A Simulation Study of Urine Transport Through the Ureter


Poupak Kermani

McGill University
Montreal, Quebec, Canada
poupak.kermani@mail.mcgill.ca


Abstract - This paper presents a mathematical model that explains the mechanism behind the drainage of urine from a healthy human kidney through the ureter. Computer simulation is used to study the conduction velocity and output flow rate of a urine bolus through the Ureter lumen. The conduction velocity calculated by the simulation model is 4.8 cm/sec which is in within the range of experimental values of 2 to 6 cm/sec. The urine output flow rate is calculated to be 0.053 ml/sec, which results in a total of 1.8 liter of urine disposition from two kidneys every 24 hours. The simulation result yields toward the nominal quantity of 1.5 liter of urine disposed by a healthy adult with normal kidney function.

Keywords: Peristalsis, Conduction velocity, Urine output rate.

© Copyright 2023 Authors This is an Open Access article published under the Creative Commons Attribution License terms. Unrestricted use, distribution, and reproduction in any medium are permitted, provided the original work is properly cited.

Date Received: 2023-02-22
Date Revised: 2023-04-10
Date Accepted: 2023-04-28
Date Published: 2023-06-19

1. Introduction

The passage of urine through the ureter’s lumen is derived by successive waves of active muscular contraction that pass along its walls from the kidney to bladder. In between contraction waves the muscle of ureteral wall is relaxed [1]. This phenomenon is called Peristalsis. The Peristalsis is initiated at the renal pelvis following the pacemaker effect generated by the synchronized and rhythmic activity of the sum of action potentials initiated by each nephron [2]. An action potential is an electric signal that is created from a temporary shift from negative to positive potential of a nephron membrane.

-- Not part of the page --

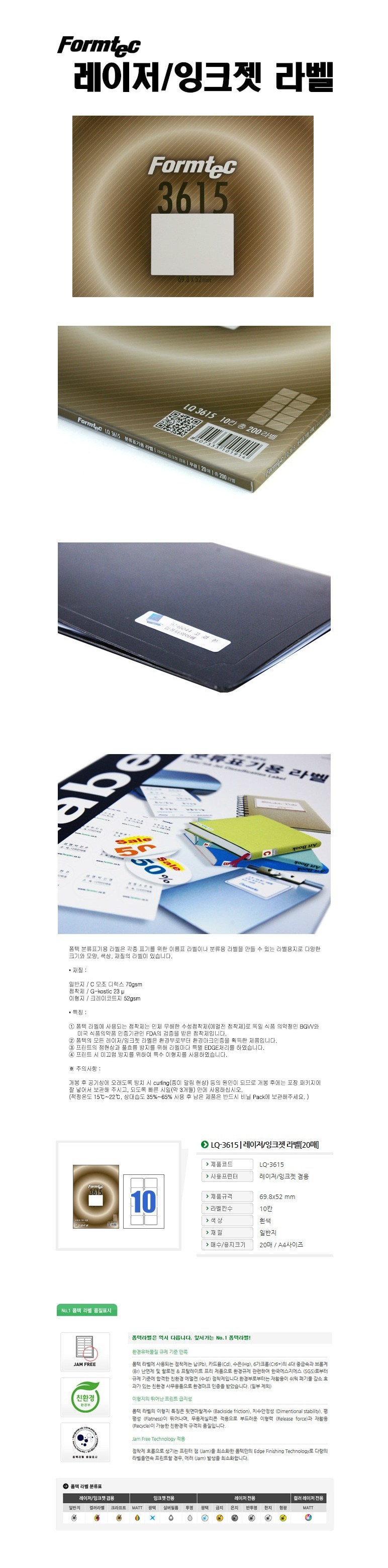 (BE) 폼텍 A4 분류표기용 라벨 LQ-3615 10칸 20매

Peristalsis controls the urine flow. Under normal flows, the urine between two contractions waves takes the form of a bolus. The rhythmic contractions of the ureter wall push through the ureter’s lumen, the bolus of urine. The mean rate of flow of urine through the ureter is equal to the rate.

The ureter is a smooth tubular muscle, which transports urine from the Kidney’s pelvis to the bladder. The passage of urine through the ureter’s lumen is regulated by the rhythmic contractions of the ureter walls, which pushes the bolus of urine through its lumen. This phenomenon, which is called the Peristalsis, exercises consistently luminal pressure which occurs behind the urine bolus during its passage through the ureter [3].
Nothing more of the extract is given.